Speech enhancement methods restore noisy speech to as clean a state as possible by transformation, generally speaking, speech enhancement mainly considers whether the human hearing of the enhanced signal is good, while for recognition systems it is more concerned whether the error rate of the system is reduced, and these two targets are linked but not completely consistent, for the simple reason that a human may have an immune function to some distortions in the speech signal, but the recognition system may be sensitive to them. It often happens that the enhanced speech has a good subjective hearing improvement but cannot bring an improvement in speech recognition accuracy. Another big challenge faced by the deep learning based speech enhancement is a generalized problem, which is a difficult problem that the deep learning based model cannot avoid. Specifically, speech enhancement is a difficult problem in terms of unknown noise, unknown speaking style, and extremely low signal-to-noise ratio.
In contrast, the embodiment of the present invention provides a speech enhancement method, and through a multi-target joint training method, a progressive dual-output neural network model can have better generalization and simultaneously output a deeply denoised speech and a speech with a certain signal-to-noise ratio, so that the noise reduction requirement of human ears on a noisy speech can be met, and the accuracy of a recognition system can be improved. As shown in fig. 1, the flow chart of the method mainly includes the following parts:
1. and extracting the acoustic characteristics of each voice frame.

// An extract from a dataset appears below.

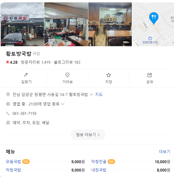 바로 앞 식당 주차장과 1분 거리에 창평전통시장주차장
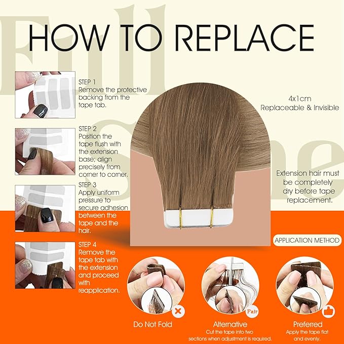 - Easy to Apply: Tape in hair extensions are designed for a streamlined application; When using the sandwich method, align both pieces, avoid excessive heat on the tape; Do not overload hair between sections; Pre-taped strips allow faster application

1) The input voice signal is processed by frame division to obtain a voice frame sequence.
In this step, the input voice (voice with noise) can be processed by adding a hamming window, and each frame of data is obtained. Illustratively, the general hamming window length may be selected to be 32 milliseconds, the window shift may be 16 milliseconds, and the overlap portion may be 16 milliseconds.
2) The acoustic features adopt logarithmic power spectrum features, and when the logarithmic power spectrum features of each voice frame are extracted, frequency domain signals are obtained through Fourier transform and modulus taking:
Figure BDA0001742771700000051
in the above formula, d is the frequency dimension, h (L) is the window function, and L is the number of points for discrete Fourier transform; if the number of points L for performing discrete fourier transform can be increased, that is, the number of information points to be sampled is more, the input features will contain more information, which is also beneficial to the learning of the subsequent neural network.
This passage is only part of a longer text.